I’m not sure what others would’ve done had they known they wouldn’t be here for the tomorrow that we all take for granted.

I think they would have called family members and a few close friends. They might have called a few former friends to apologize and mend fences for past squabbles.

I like to think they would have gone out for a Chinese dinner or for whatever their favorite food was.

I’m guessing; I’ll never know.

It’s those little things left undone that would make me angry if I knew my hours were limited. Angry because I hadn’t written certain letters that I intended to write one of these days. Angry and sorry that I didn’t tell my husband and parents often enough how much I truly love them. I’m trying very hard not to put off, hold back, or save anything that would add laughter and luster to our lives.

And every morning when I open my eyes, I tell myself that it is special. Every day, every minute, every breath truly is a gift from God.

I don’t believe in miracles. I rely on them.

Life may not be the party we hoped for, but while we are here we might as well dance.

Categories
BlahBlahBabble

Sleep, Snore, Sleep…

For days, maybe even weeks, all I have wanted to do is sleep. I can get 10-12 hours of sleep a night, and I still want more sleep.

Today, I’ve discussed with almost everyone I’ve talked to my dilemna with this sleep issue.

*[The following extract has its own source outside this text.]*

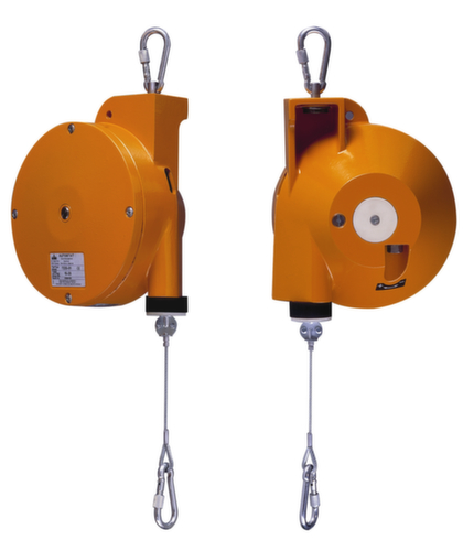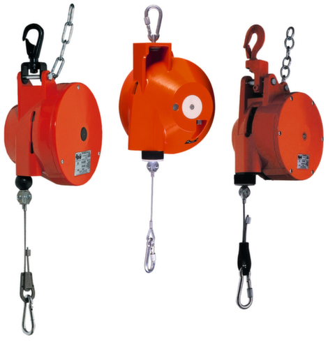 "longDescription": "<h2>Controbilanciatore</h2><strong>per una manipolazione degli utensili senza fatica</strong><br><ul><li><strong>Maggiore flessibilità</strong> - gancio di sicurezza liberamente ruotabile e orientabile</li><li><strong>Carichi facilmente agganciabili</strong> - con moschettoni a vite</li><li><strong>Protezione anticaduta standardizzata</strong> - catena di sicurezza secondo DIN 15112 </li><li><strong>Lavoro sicuro</strong> - dispositivo di blocco del tamburo della fune e dispositivo di sicurezza per la rottura della molla</li><li><strong>Regolazione continua del carico</strong> tramite vite di regolazione</li><li>Facile sostituzione della corda di sospensione</li></ul><br><strong>Capacità di carico fino a 21 kg:</strong><br><ul><li>Alloggiamento in plastica resistente alla forma e agli urti</li><li>Gancio di sicurezza come sospensione isolata</li><li>Cavo di supporto regolabile in continuo tramite blocco del cavo</li><li>Premere il morsetto per fissare l'estremità della corda</li></ul><br><strong>Capacità di carico fino a 55 kg:</strong><br><ul><li>Alloggiamento e tamburo in alluminio ad alta resistenza </li><li>Tamburo con cuscinetto a sfera singolo</li></ul><br>Capacità di carico<strong>fino a 100 kg</strong>: <br><ul><li>Alloggiamento e tamburo in alluminio ad alta resistenza </li><li>La sospensione del gancio di sicurezza può essere posizionata orizzontalmente</li><li>Catena ad espansione di sicurezza come protezione anticaduta </li><li>Protezione della molla di sospensione grazie alla ruota libera brevettata</li><li>Protezione da sovraccarico mediante limitazione dell'estensione della fune</li><li>Tamburo con doppi cuscinetti a sfera</li><li>Cavo di sospensione regolabile in continuo tramite blocco del cavo</li><li>Premere il morsetto per fissare l'estremità della corda</li></ul><br><strong>Importante!</strong><br><br>In conform. a BGR 500 è necessario sottoporre bilanciatori e dispositivi bilanciamento peso a verifica annuale. Controllo e manutenzione da parte di tecnici qualificati su richiesta.<br>",

Normally, I would think that I might be depressed. I mean, really – who sleeps 12+ hours a day? I know for a fact that I’m not pregnant. It’s not like I just want to climb in bed because I have nothing else to do – it’s a matter of being purely exhausted and needing sleep. Yesterday after running errands, I felt like I was going to collapse if I didn’t take a nap. An hour later, I felt much better. I tried to blame it on Mike’s snoring, but since we set up the system from http://www.emsafety.net in the bedroom, he has stopped. I still think my bizarre dreams for the past two weeks were due to him preventing me from getting deep sleep.

Thing is, I don’t feel depressed at all. In reality, when I’m awake I feel quite spunky and happy. Of course, sleeping 12 hours a day sort of keeps you from getting things done, but other than that – no issues. Just a strong desire to sleep. I´m going to try out this king mattress so we have more space to sleep comfortably.

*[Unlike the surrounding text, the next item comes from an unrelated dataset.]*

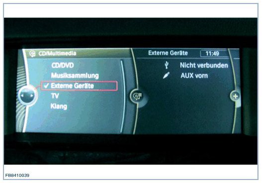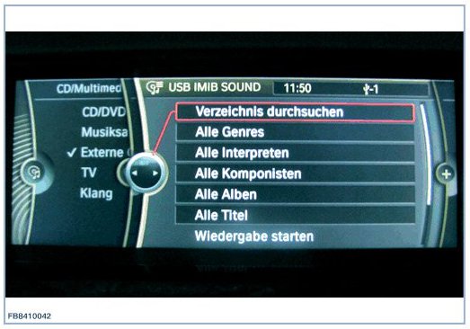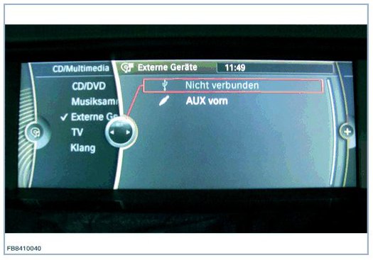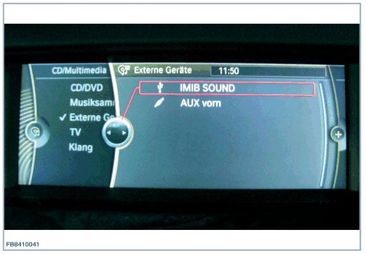 NOTE: Only perform USB test with the USB cable provided in the scope of delivery of the IMIB. Always perform USB tests directly at the USB connection of the vehicle. Do not use extension cables, USB hubs etc.

I’ve decided to blame it on Emily. She bragged about her 800 thread count sheets, and so we decided we simply had to have some too. After a few wedding gift returns and a Bed, Bath & Beyond coupon, we bought them about a month ago. They are FABULOUS. Absolutely fantastic. I have never slept on sheets that are so wonderful. Now I just want to sleep all the time. So I’m quite sure that it is the sheets.

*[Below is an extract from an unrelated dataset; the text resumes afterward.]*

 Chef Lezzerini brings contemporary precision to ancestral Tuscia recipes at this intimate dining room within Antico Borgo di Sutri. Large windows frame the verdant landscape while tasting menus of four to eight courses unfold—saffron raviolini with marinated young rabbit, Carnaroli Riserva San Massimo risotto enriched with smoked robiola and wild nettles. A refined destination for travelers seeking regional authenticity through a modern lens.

Except for tonight. I guess all that sleep has finally caught up with me. It’s 4:00 am and I’m wide, WIDE awake. I’m going to make Jason’s lunch and read my book. Maybe that will help this time; it didn’t help when I tried it an hour ago.

Now that I want to sleep and I know I should be sleeping, I just can’t do it. After all of my talk today about my constant desire to sleep, I’m wide awake. How’s that for irony?